# ACTIVITY
Word for word, and without a single picture, repeat the entries.

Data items
^^^^^^^^

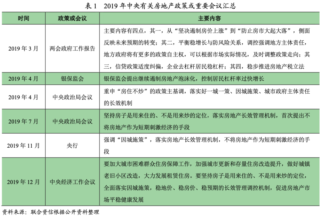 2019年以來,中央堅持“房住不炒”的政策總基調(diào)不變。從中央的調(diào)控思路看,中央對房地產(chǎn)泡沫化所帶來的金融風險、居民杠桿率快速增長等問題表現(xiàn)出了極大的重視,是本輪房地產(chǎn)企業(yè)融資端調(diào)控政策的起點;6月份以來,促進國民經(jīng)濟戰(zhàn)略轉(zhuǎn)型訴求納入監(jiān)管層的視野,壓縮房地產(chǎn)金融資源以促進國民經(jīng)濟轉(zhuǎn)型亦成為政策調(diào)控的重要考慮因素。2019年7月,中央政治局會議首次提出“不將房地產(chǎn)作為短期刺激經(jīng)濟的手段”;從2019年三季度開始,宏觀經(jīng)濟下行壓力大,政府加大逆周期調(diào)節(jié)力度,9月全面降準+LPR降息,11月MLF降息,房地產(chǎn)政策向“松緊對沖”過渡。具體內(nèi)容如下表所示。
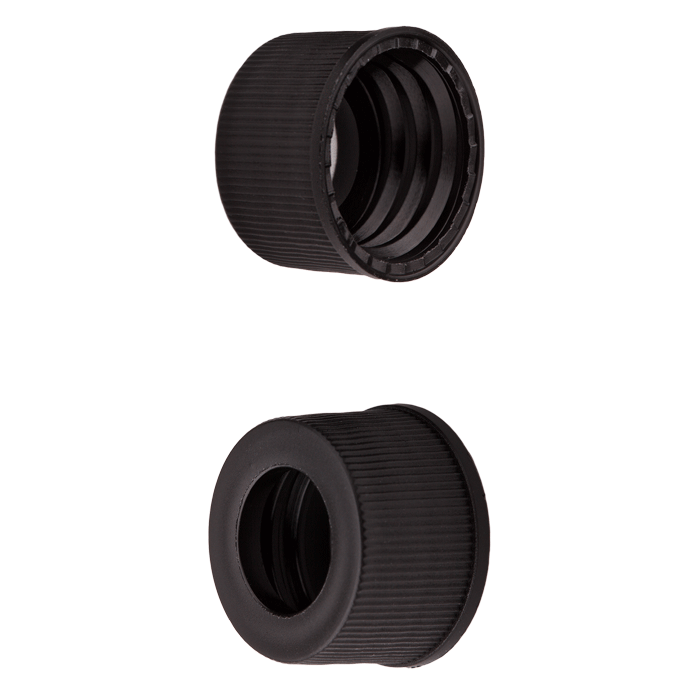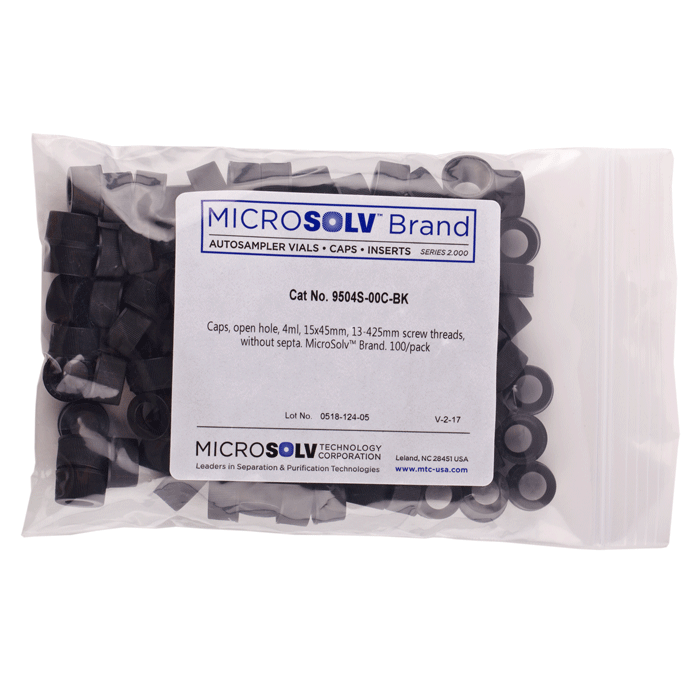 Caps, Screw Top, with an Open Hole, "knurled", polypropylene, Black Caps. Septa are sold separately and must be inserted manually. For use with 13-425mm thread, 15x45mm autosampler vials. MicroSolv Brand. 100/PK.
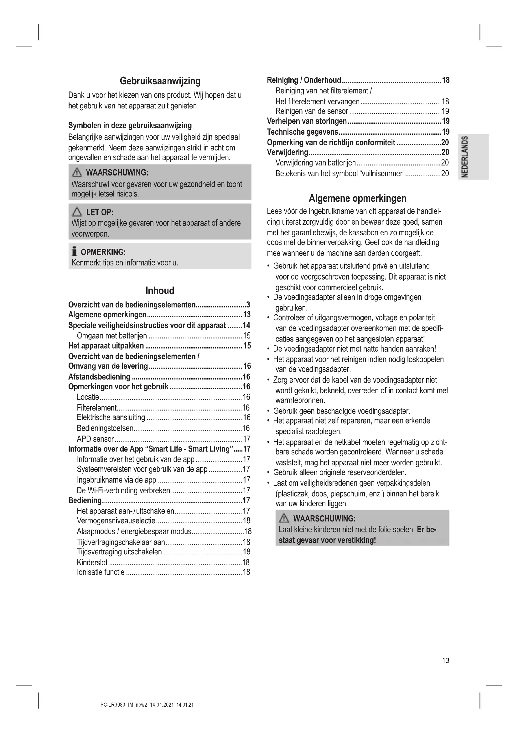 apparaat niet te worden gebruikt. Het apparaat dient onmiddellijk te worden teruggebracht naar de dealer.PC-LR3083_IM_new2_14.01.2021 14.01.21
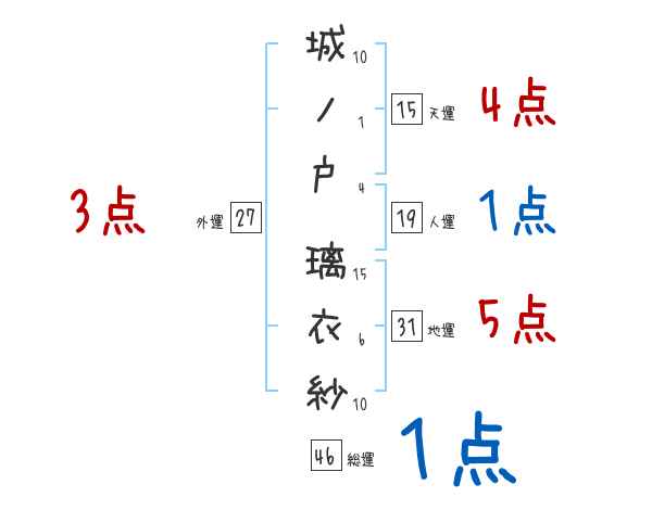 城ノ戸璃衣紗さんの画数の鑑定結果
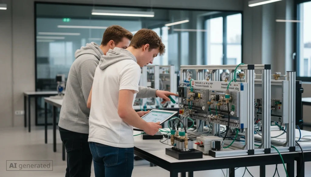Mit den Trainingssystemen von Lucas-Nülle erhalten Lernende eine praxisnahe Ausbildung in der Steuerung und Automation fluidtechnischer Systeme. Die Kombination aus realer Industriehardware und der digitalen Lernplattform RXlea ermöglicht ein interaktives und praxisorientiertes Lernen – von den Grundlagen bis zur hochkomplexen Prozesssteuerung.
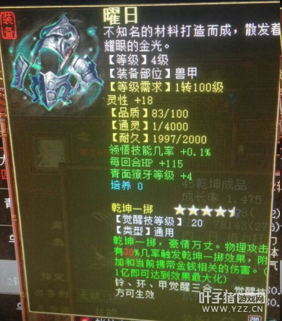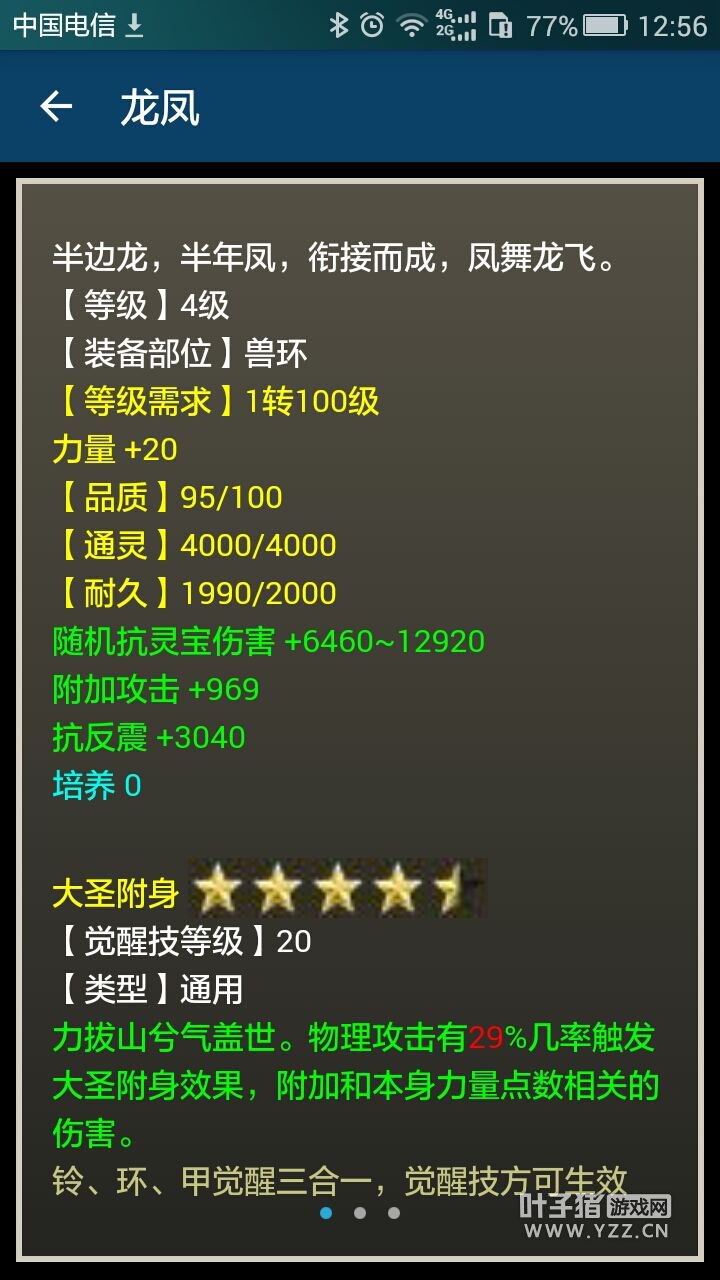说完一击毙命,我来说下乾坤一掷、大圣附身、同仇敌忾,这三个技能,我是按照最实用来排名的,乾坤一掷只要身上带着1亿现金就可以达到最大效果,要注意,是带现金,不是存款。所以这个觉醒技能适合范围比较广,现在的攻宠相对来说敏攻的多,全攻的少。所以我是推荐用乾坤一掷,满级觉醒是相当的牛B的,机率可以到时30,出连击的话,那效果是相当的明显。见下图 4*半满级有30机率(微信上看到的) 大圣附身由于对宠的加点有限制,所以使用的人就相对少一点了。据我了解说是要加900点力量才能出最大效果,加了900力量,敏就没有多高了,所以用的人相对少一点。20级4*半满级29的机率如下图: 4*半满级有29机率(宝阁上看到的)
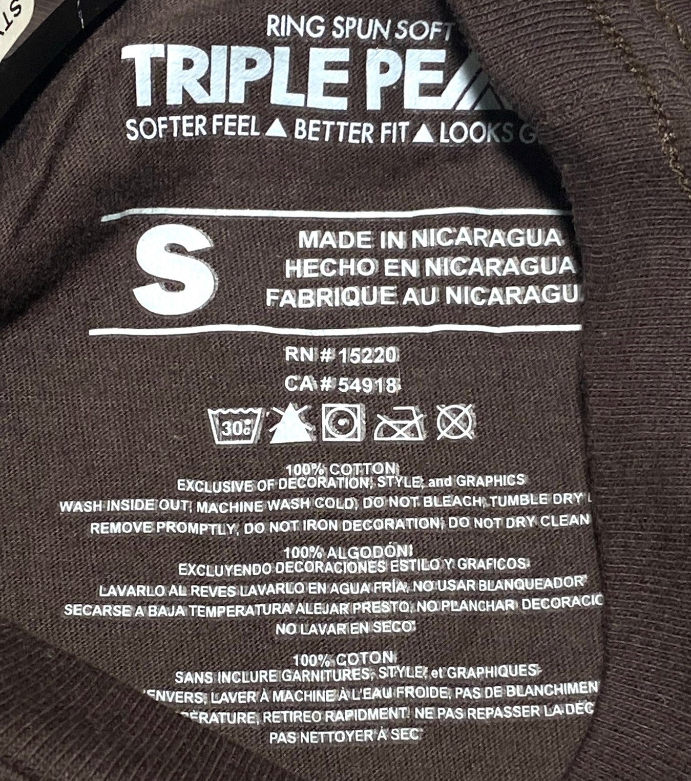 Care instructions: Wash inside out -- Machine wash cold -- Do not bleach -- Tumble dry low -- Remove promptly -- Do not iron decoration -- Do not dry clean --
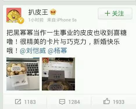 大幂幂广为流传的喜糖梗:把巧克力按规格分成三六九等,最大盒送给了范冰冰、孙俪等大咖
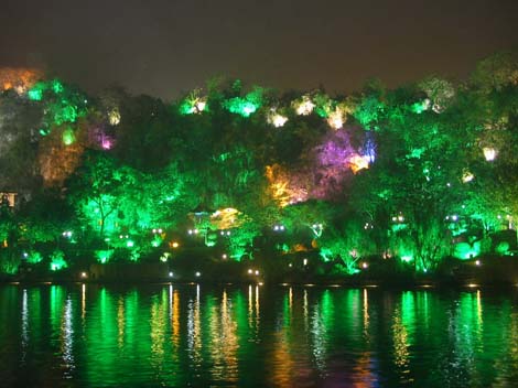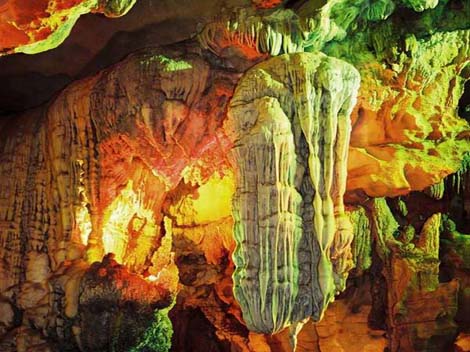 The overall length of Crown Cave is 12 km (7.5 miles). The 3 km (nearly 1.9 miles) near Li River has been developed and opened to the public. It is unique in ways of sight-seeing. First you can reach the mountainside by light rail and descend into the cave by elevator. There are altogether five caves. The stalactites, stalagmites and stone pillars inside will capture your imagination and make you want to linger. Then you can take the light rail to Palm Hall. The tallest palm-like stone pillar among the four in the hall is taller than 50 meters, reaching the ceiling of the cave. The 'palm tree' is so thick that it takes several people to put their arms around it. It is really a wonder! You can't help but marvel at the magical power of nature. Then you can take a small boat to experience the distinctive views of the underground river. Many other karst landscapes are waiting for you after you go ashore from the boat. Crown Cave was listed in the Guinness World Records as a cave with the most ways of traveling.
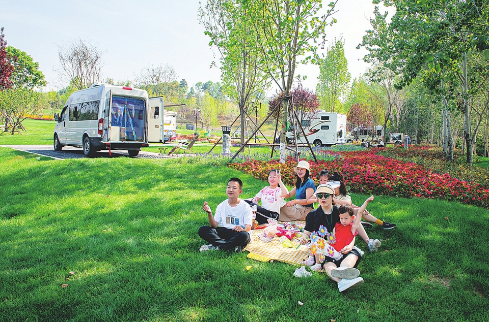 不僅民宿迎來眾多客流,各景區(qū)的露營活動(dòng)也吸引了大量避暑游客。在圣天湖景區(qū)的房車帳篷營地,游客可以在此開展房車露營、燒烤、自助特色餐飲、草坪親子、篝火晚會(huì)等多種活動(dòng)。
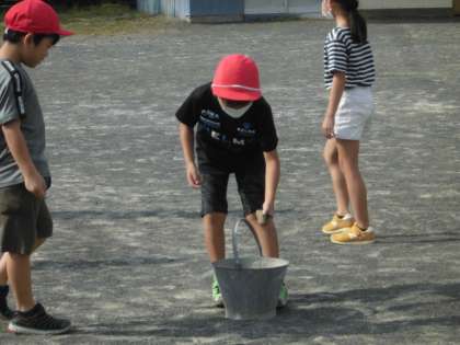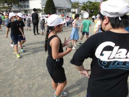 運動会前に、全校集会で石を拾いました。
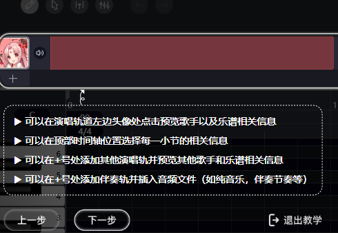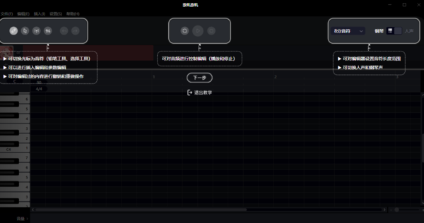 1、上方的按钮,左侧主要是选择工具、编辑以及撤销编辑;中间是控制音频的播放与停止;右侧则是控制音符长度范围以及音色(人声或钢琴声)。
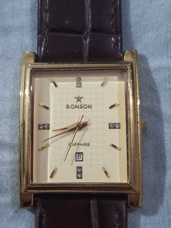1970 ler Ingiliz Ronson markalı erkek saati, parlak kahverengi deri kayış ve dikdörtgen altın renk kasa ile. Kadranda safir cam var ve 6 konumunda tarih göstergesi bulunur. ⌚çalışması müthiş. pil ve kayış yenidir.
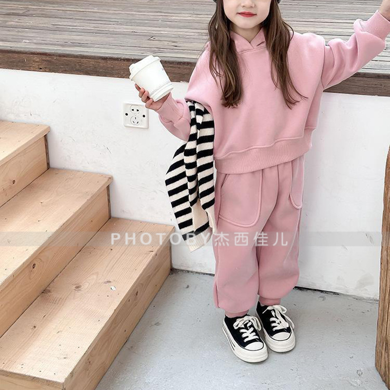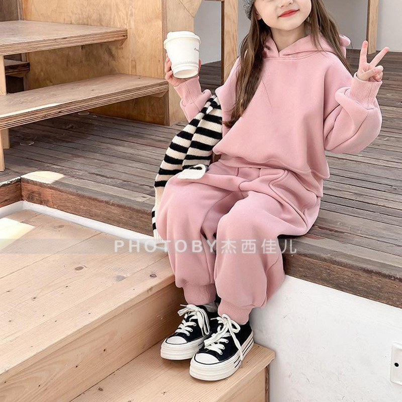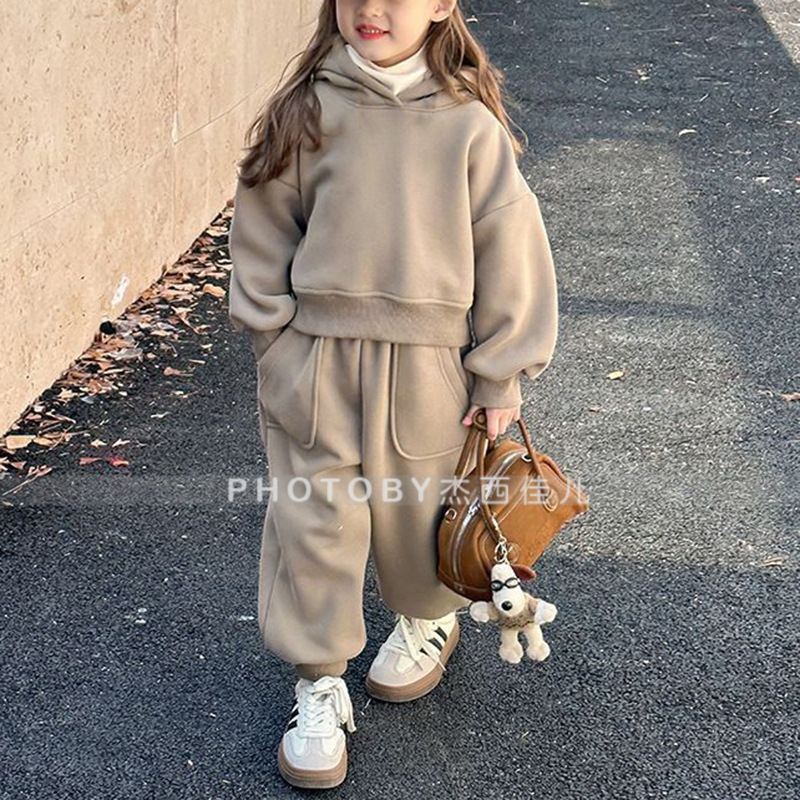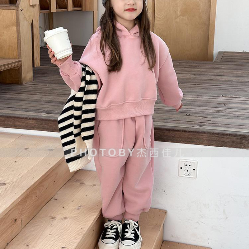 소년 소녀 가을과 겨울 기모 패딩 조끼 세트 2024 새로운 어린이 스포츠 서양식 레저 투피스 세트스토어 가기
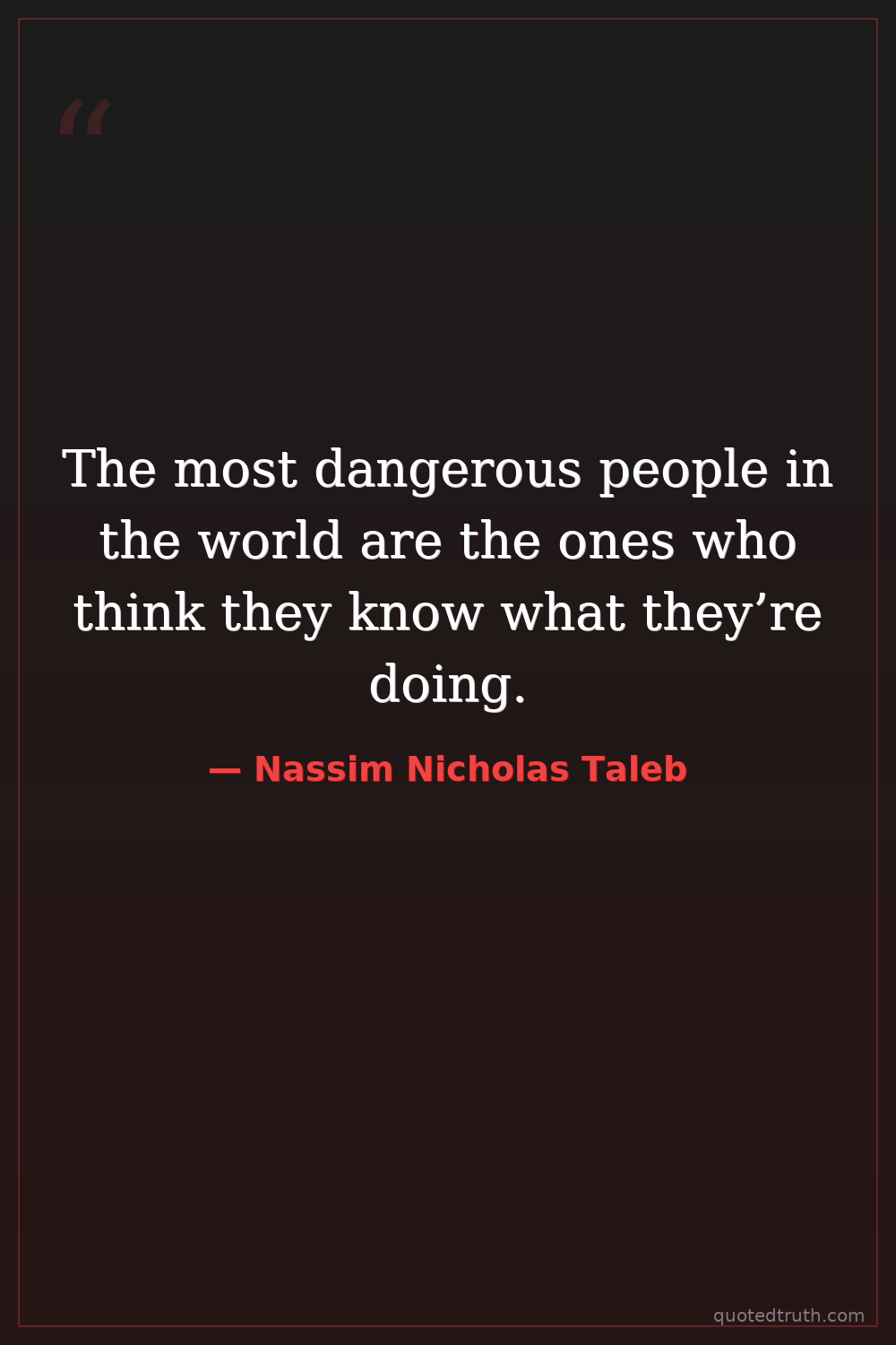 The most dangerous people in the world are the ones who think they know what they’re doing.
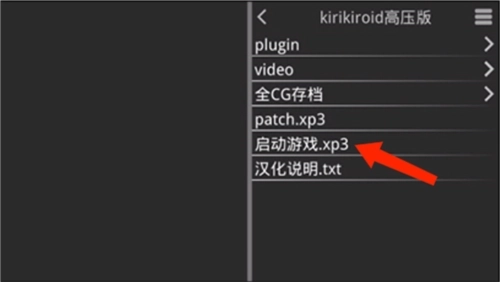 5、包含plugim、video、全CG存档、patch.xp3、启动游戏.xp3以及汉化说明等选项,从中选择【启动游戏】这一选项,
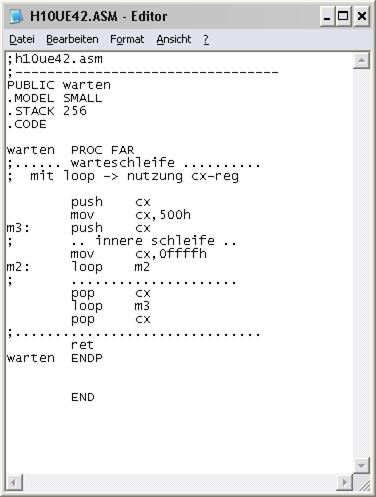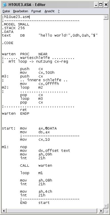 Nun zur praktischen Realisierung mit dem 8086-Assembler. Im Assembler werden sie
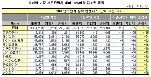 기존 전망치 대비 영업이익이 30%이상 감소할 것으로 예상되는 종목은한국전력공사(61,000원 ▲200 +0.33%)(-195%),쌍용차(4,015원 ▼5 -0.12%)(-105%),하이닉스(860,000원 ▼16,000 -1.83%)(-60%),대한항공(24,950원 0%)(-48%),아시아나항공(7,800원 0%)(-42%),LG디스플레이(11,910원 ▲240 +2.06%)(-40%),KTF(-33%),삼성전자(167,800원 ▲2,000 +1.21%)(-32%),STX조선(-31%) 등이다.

^^^^^^^^

# SOLUTION FOR THIS TASK
 2019年以來,中央堅持“房住不炒”的政策總基調(diào)不變。從中央的調(diào)控思路看,中央對房地產(chǎn)泡沫化所帶來的金融風險、居民杠桿率快速增長等問題表現(xiàn)出了極大的重視,是本輪房地產(chǎn)企業(yè)融資端調(diào)控政策的起點;6月份以來,促進國民經(jīng)濟戰(zhàn)略轉(zhuǎn)型訴求納入監(jiān)管層的視野,壓縮房地產(chǎn)金融資源以促進國民經(jīng)濟轉(zhuǎn)型亦成為政策調(diào)控的重要考慮因素。2019年7月,中央政治局會議首次提出“不將房地產(chǎn)作為短期刺激經(jīng)濟的手段”;從2019年三季度開始,宏觀經(jīng)濟下行壓力大,政府加大逆周期調(diào)節(jié)力度,9月全面降準+LPR降息,11月MLF降息,房地產(chǎn)政策向“松緊對沖”過渡。具體內(nèi)容如下表所示。
 Caps, Screw Top, with an Open Hole, "knurled", polypropylene, Black Caps. Septa are sold separately and must be inserted manually. For use with 13-425mm thread, 15x45mm autosampler vials. MicroSolv Brand. 100/PK.
 apparaat niet te worden gebruikt. Het apparaat dient onmiddellijk te worden teruggebracht naar de dealer.PC-LR3083_IM_new2_14.01.2021 14.01.21
 城ノ戸璃衣紗さんの画数の鑑定結果
Mit den Trainingssystemen von Lucas-Nülle erhalten Lernende eine praxisnahe Ausbildung in der Steuerung und Automation fluidtechnischer Systeme. Die Kombination aus realer Industriehardware und der digitalen Lernplattform RXlea ermöglicht ein interaktives und praxisorientiertes Lernen – von den Grundlagen bis zur hochkomplexen Prozesssteuerung.
说完一击毙命,我来说下乾坤一掷、大圣附身、同仇敌忾,这三个技能,我是按照最实用来排名的,乾坤一掷只要身上带着1亿现金就可以达到最大效果,要注意,是带现金,不是存款。所以这个觉醒技能适合范围比较广,现在的攻宠相对来说敏攻的多,全攻的少。所以我是推荐用乾坤一掷,满级觉醒是相当的牛B的,机率可以到时30,出连击的话,那效果是相当的明显。见下图 4*半满级有30机率(微信上看到的) 大圣附身由于对宠的加点有限制,所以使用的人就相对少一点了。据我了解说是要加900点力量才能出最大效果,加了900力量,敏就没有多高了,所以用的人相对少一点。20级4*半满级29的机率如下图: 4*半满级有29机率(宝阁上看到的)
 Care instructions: Wash inside out -- Machine wash cold -- Do not bleach -- Tumble dry low -- Remove promptly -- Do not iron decoration -- Do not dry clean --
 大幂幂广为流传的喜糖梗:把巧克力按规格分成三六九等,最大盒送给了范冰冰、孙俪等大咖
 The overall length of Crown Cave is 12 km (7.5 miles). The 3 km (nearly 1.9 miles) near Li River has been developed and opened to the public. It is unique in ways of sight-seeing. First you can reach the mountainside by light rail and descend into the cave by elevator. There are altogether five caves. The stalactites, stalagmites and stone pillars inside will capture your imagination and make you want to linger. Then you can take the light rail to Palm Hall. The tallest palm-like stone pillar among the four in the hall is taller than 50 meters, reaching the ceiling of the cave. The 'palm tree' is so thick that it takes several people to put their arms around it. It is really a wonder! You can't help but marvel at the magical power of nature. Then you can take a small boat to experience the distinctive views of the underground river. Many other karst landscapes are waiting for you after you go ashore from the boat. Crown Cave was listed in the Guinness World Records as a cave with the most ways of traveling.
 不僅民宿迎來眾多客流,各景區(qū)的露營活動(dòng)也吸引了大量避暑游客。在圣天湖景區(qū)的房車帳篷營地,游客可以在此開展房車露營、燒烤、自助特色餐飲、草坪親子、篝火晚會(huì)等多種活動(dòng)。
 運動会前に、全校集会で石を拾いました。
 1、上方的按钮,左侧主要是选择工具、编辑以及撤销编辑;中间是控制音频的播放与停止;右侧则是控制音符长度范围以及音色(人声或钢琴声)。
1970 ler Ingiliz Ronson markalı erkek saati, parlak kahverengi deri kayış ve dikdörtgen altın renk kasa ile. Kadranda safir cam var ve 6 konumunda tarih göstergesi bulunur. ⌚çalışması müthiş. pil ve kayış yenidir.
 소년 소녀 가을과 겨울 기모 패딩 조끼 세트 2024 새로운 어린이 스포츠 서양식 레저 투피스 세트스토어 가기
 The most dangerous people in the world are the ones who think they know what they’re doing.
 5、包含plugim、video、全CG存档、patch.xp3、启动游戏.xp3以及汉化说明等选项,从中选择【启动游戏】这一选项,
 Nun zur praktischen Realisierung mit dem 8086-Assembler. Im Assembler werden sie
 기존 전망치 대비 영업이익이 30%이상 감소할 것으로 예상되는 종목은한국전력공사(61,000원 ▲200 +0.33%)(-195%),쌍용차(4,015원 ▼5 -0.12%)(-105%),하이닉스(860,000원 ▼16,000 -1.83%)(-60%),대한항공(24,950원 0%)(-48%),아시아나항공(7,800원 0%)(-42%),LG디스플레이(11,910원 ▲240 +2.06%)(-40%),KTF(-33%),삼성전자(167,800원 ▲2,000 +1.21%)(-32%),STX조선(-31%) 등이다.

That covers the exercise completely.